A couple of weeks ago at PrezCon, I played in two heats of Ticket to Ride (designer Alan R. Moon, publisher Days of Wonder), and it was in the first of these that I came face to face with my own absent-mindedness.
As those familiar with the game know, each player starts with three tickets, each of which identifies two cities to connect by rail for points. Longer routes in general are harder to connect but are worth more points, and having multiple tickets with overlapping connections make it relatively easy to compile a substantial score. Of the three tickets at the start of the game, each player must keep at least two. The disadvantage of keeping too many tickets is that uncompleted routes lose points at the end of the game, so it is prudent to keep no more routes than one is reasonably confident of finishing.
In my first heat, the three tickets I drew were all north-south routes with virtually no opportunity for overlap. One was to connect Vancouver and Phoenix in the west, another Sault-Sainte-Marie and Houston in central Canada-U.S., and the third New York and Miami along the eastern seaboard.
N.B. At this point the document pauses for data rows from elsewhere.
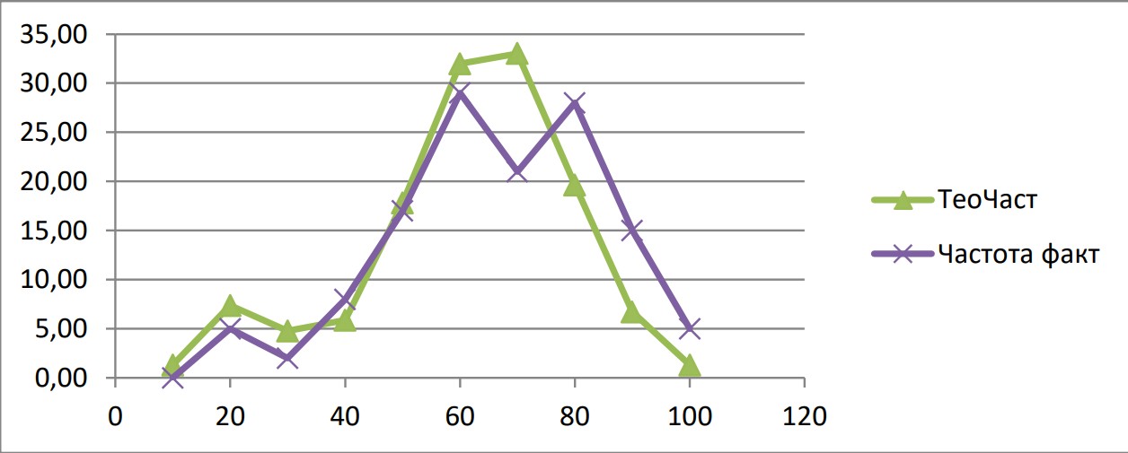 Рисунок 2 – Теоретические и фактические частоты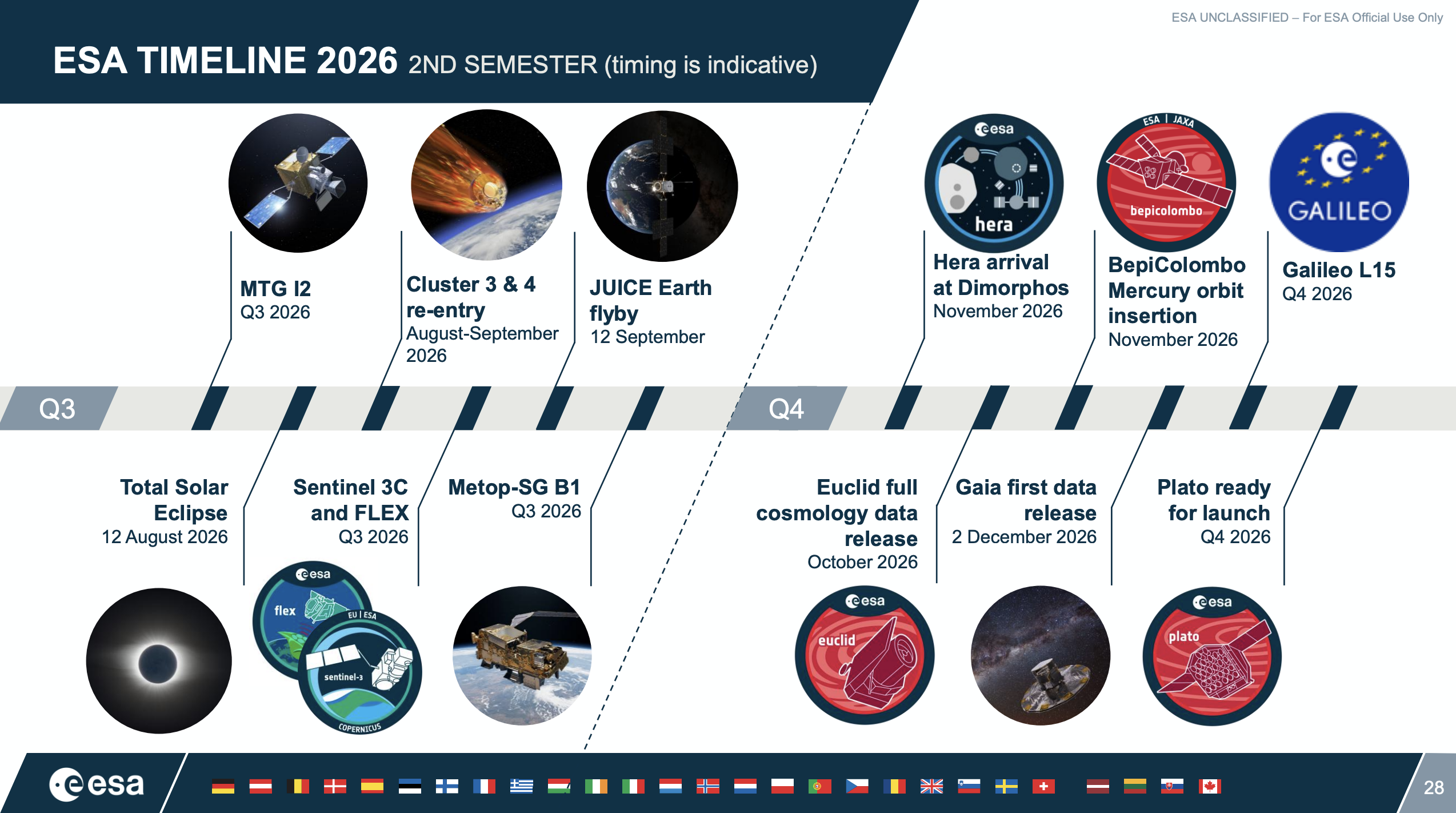 Sempre a novembre 2026 la missione BepiColombo raggiungerà Mercurio ed entrerà in orbita attorno al pianeta. Infine, ad ottobre è previsto il rilascio dei dati delle missioni scientifiche Euclid mentre a dicembre saranno disponibili quelli di Gaia.
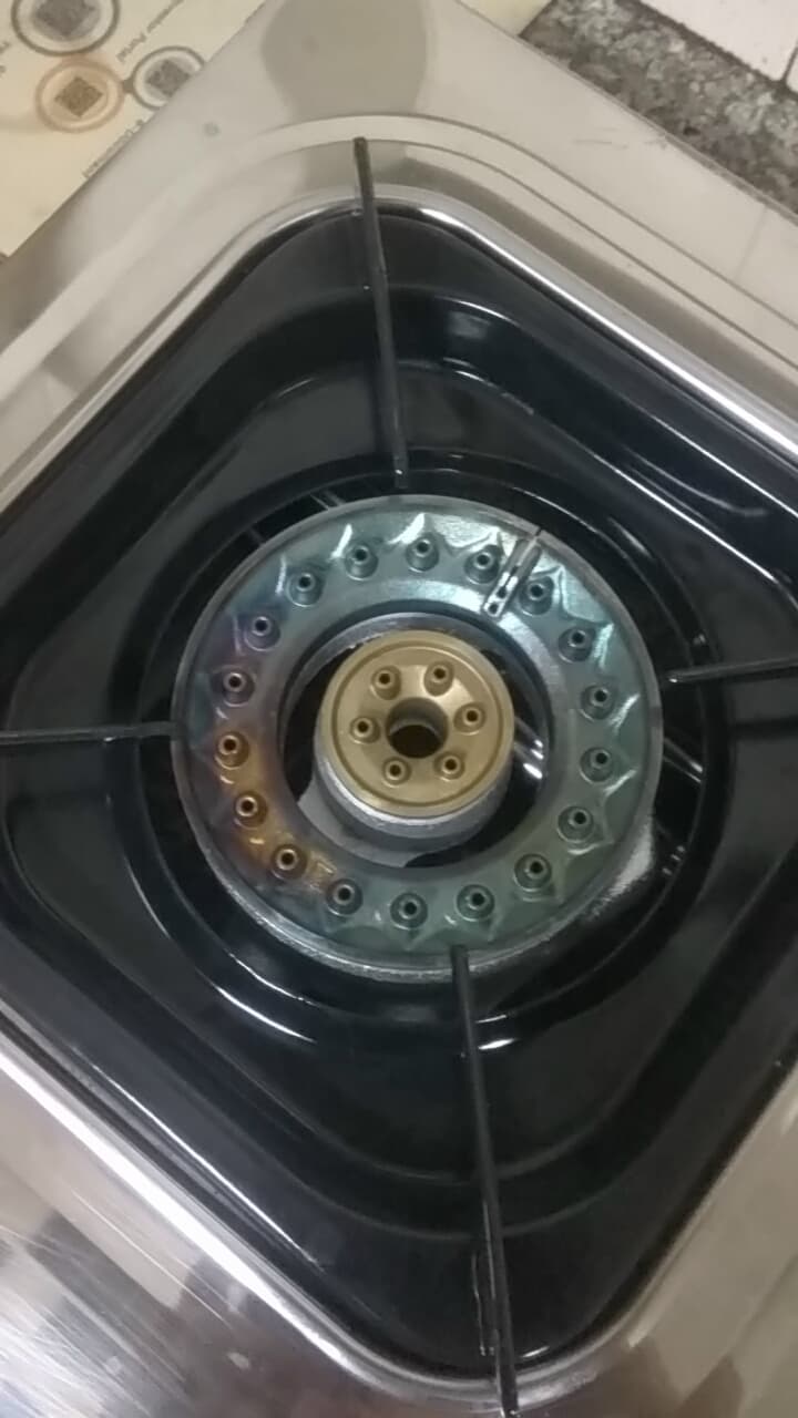 หัวเตาแก๊สทองเหลืองเปลี่ยนสีเป็นฟ้าครามๆ เป็นอะไรไหมครับ แก้ไขยังไง+วิธีทำความสะอาด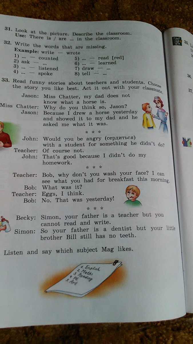 4.Саймон, твой папа учитель, но ты не умеешь читать и писать.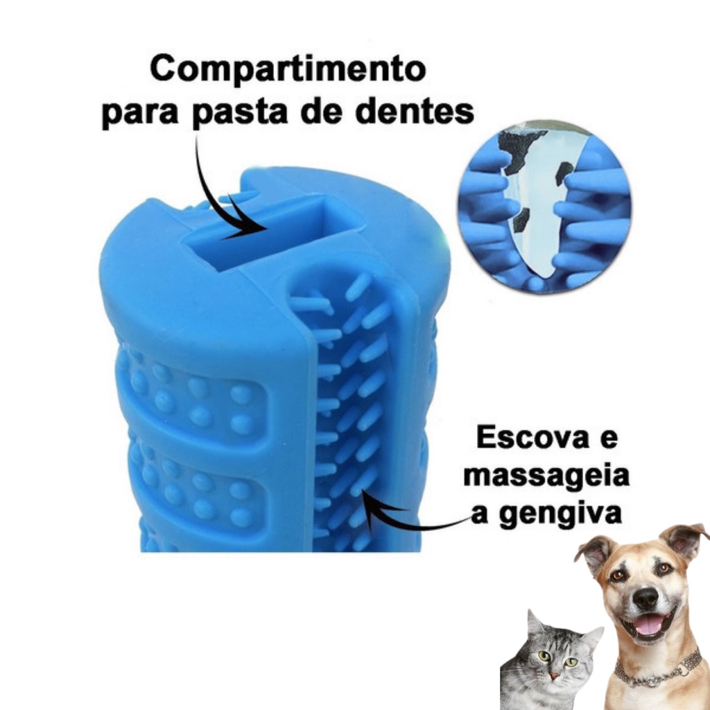 Mordedor Brinquedo Escova De Dente Cachorro Cão Pet Pequeno + Gel Dental Pet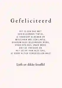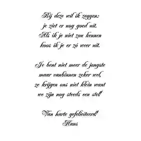 Wil je je opa, oma, buurman of vriendin feliciteren met zijn of haar verjaardag? Een senior verjaardagskaart is daar dé manier voor. Want juist op een hogere leeftijd wordt dat gebaar extra gewaardeerd. De perfecte kaart voor de verjaardag van een oudere man of vrouw is trouwens zo gemaakt bij Kaartje2go. Kies in het filtermenu het geslacht en selecteer stijlen en thema’s die bij de jarige passen. Ga bijvoorbeeld voor de stijlen vintage, grappig of modern. Of juist een thema, zoals christelijk of dieren. Wil je een specifieke leeftijd op de verjaardagskaart voor een oudere vrouw of man vermelden? Selecteer dan in het menu de optie ‘leeftijd aanpasbaar’. Zet tot slot een leuke tekst op de kaart en voeg eventueel een verjaardagscadeau aan je bestelling toe. Zo gemakkelijk kan het verrassen van een oudere zijn!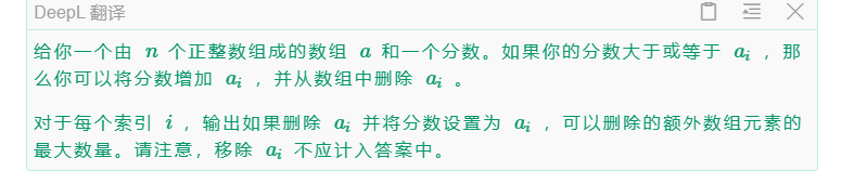 这题目意思有点逆天 意思是说你可以设置你的初试分数为ai 然后大鱼吃小鱼 输出你设置为ai时吃到的最多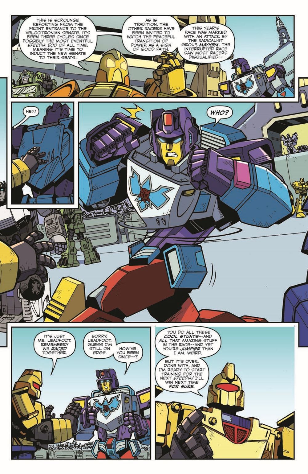 The Speedia 500 is over, so now Velocitron's attention turns to the swearing in of the new Senate-led by the race's winner! This is the Wreckers' last chance to put an end to Mayhem's rampage! But will they wreck and rule or be wrecked themselves?!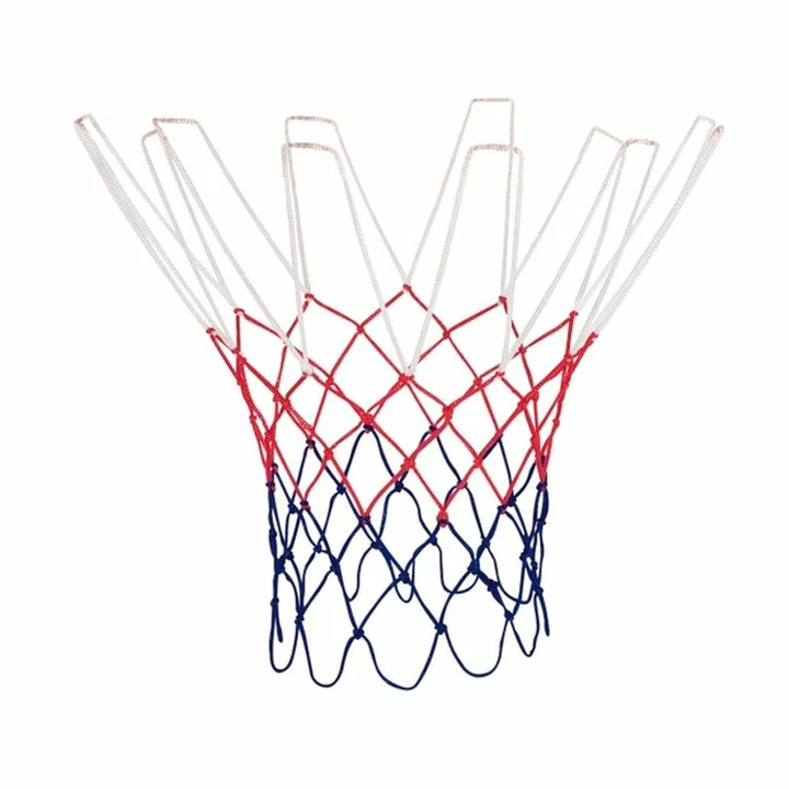 Сетка баскетбол Д=5,0 мм, цв триколор ПП (1 шт.). Баскетбольная сетка фиксируется на кольце при помощи специальных креплений- петель. На каждой сетке должно быть провязано 12 петель.
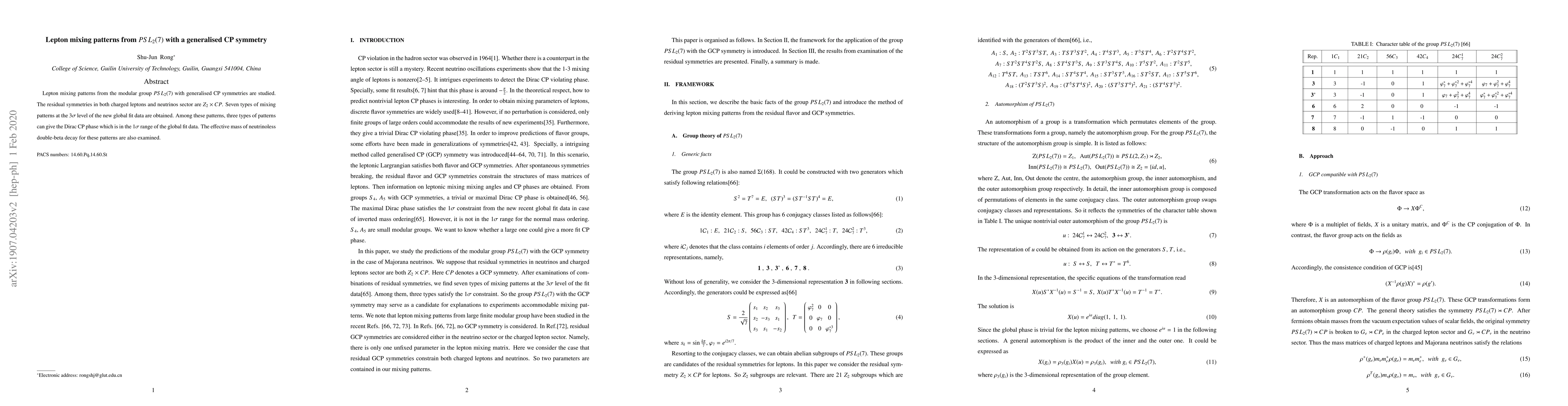 This paper explores lepton mixing patterns derived from the $PSL_2(7)$ modular group under generalised CP symmetries, identifying seven types at the $3\sigma$ confidence level. Three of these patterns align with the $1\sigma$ range of the Dirac CP phase from global fit data, while also examining the effective mass of neutrinoless double-beta decay.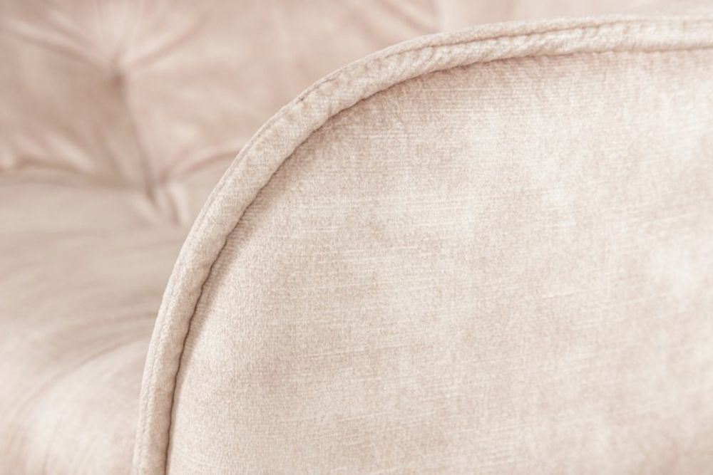 Sjedeći dio, dimenzija 37 cm u širinu, 75 cm u visinu i 38 cm u dubinu, obložen je baršunastom tkaninom u elegantnoj bež boji. Ovaj baršun, izrađen od 100% poliestera, pruža ne samo vizualnu privlačnost već i izvanrednu udobnost. Njegova tekstura je mekana na dodir, stvarajući osjećaj luksuza pri svakom sjedanju. Naslon za leđa, visok 36 cm, i nasloni za ruke, visoki 13 cm, oblikovani su tako da pružaju dodatnu podršku i udobnost, čineći ovu stolicu savršenim mjestom za opuštanje uz čašu pića ili obrok.

So these routes had nothing in common, and clearly the logical thing to do was to discard one and strive to complete the other two. After some thought, I decided to keep the eastern and central routes. I discarded the third card, laid down the two tickets that I kept, and proceeded for the first half of the game to try to complete the two routes I'd decided to keep.
In a five-player game of TtR, there can be quite a lot of overlap among the competing players for key routes, and it became necessary for me to assemble a pretty convoluted network to get Sault-Sainte-Marie, Houston, New York, and Miami all connected. I glanced at my tickets to double-check that I'd connected the right cities, and was horrified to discover that I still had Vancouver-Phoenix in my hand. I had discarded New York - Miami without realizing it.
There was no hope at this point of making the Vancouver-Phoenix route; my opponents had by this time completely locked up the western U.S. So the rest of the game involved scrambling for more tickets that I could reasonably complete by making extensions of my existing route in the eastern half of the U.S. and Canada, in the hope of accumulating more points. I was actually rather successful, but I couldn't quite make up for the eleven points that I lost from having held on to Vancouver-Phoenix. In fact, I came in second, only ten points behind the winner. A most frustrating lesson in paying attention to one's cards.